In this project, we applied meta-analytic techniques to examine aspects of family-based prevention programs most consistently associated with success at reducing adolescent substance use. Instead of comparing programs, we decomposed each program into a set of key topics or components that were addressed by program curricula (e.g., parental monitoring, family relations, peer risk, etc.). We then used the program components to predict effect sizes.
We conducted a document search in September 2012; our initial sample of 5071 studies was reduced to 128 studies that met all inclusion criteria. DV’s included outcome measures related to change in youth substance use. We coded sufficient information to calculate an effect size (ES) for each DV; a positive ES indicated a favorable outcome for the treatment group. For IV’s, we coded the amount of time that each program allocated to each component, in terms of youth-only, parents-only, and whole-family time. We developed a reliable coding system (ICC’s > .90 for a randomly selected subsample) to capture the diversity of the different programs.

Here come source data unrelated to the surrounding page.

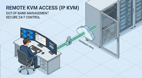 Удалённый доступ и управление вне зависимости от состояния ОС. Для крупных ЦОД и распределённых площадок часто требуется не только локальная консоль в машинном зале, но и удалённый доступ. Это реализуется через IP KVM (KVM over IP), когда видеосигнал и устройства ввода транслируются по сети Ethernet. Ключевая ценность IP KVM - “out-of-band” доступ, то есть можно управлять сервером, даже если ОС не загрузилась, “упала” сеть, или не работают агенты удалённого доступа. В аварийных сценариях это часто единственный быстрый способ вернуть систему в строй без выезда персонала.
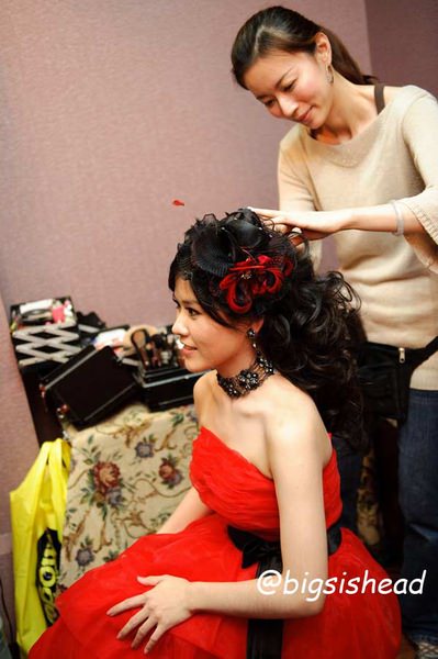 我阿母主要是由新秘的助理來幫忙打理造型,雖然她都一直說:醜死了,不要拍。但被我訓練好幾年及跟她說:請攝影師要錢的耶!當然要多拍幾張。現在終於會乖乖看鏡頭,雖然嘴巴偶爾還是會給他唸一下。
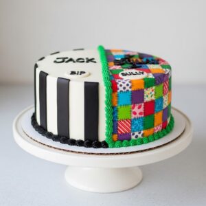 Frost half your cake as Jack’s black-and-white pinstripe look and the other half as Sally’s colorful patchwork pattern.

Since effect sizes (ES’s) were nested within programs, we used hierarchical linear modeling. In our final model, two youth-only components emerged as the best predictors of ES’s: improving family relations (B=.57, SE=.17, p < .001), and promoting more effective family problem solving (B=.29, SE=.12, p < .05). In an analysis of interaction effects, we found that the effects of the parent-only monitoring component were amplified by the youth-only family relations component (B=1.51, SE=.27, p < .001) and the youth-only substance use knowledge component (B=1.08, SE=.52, p < .05).
Our results provide a stronger understanding of how family-based programs work to prevent adolescent substance use, and our approach can be extended to additional outcomes and populations.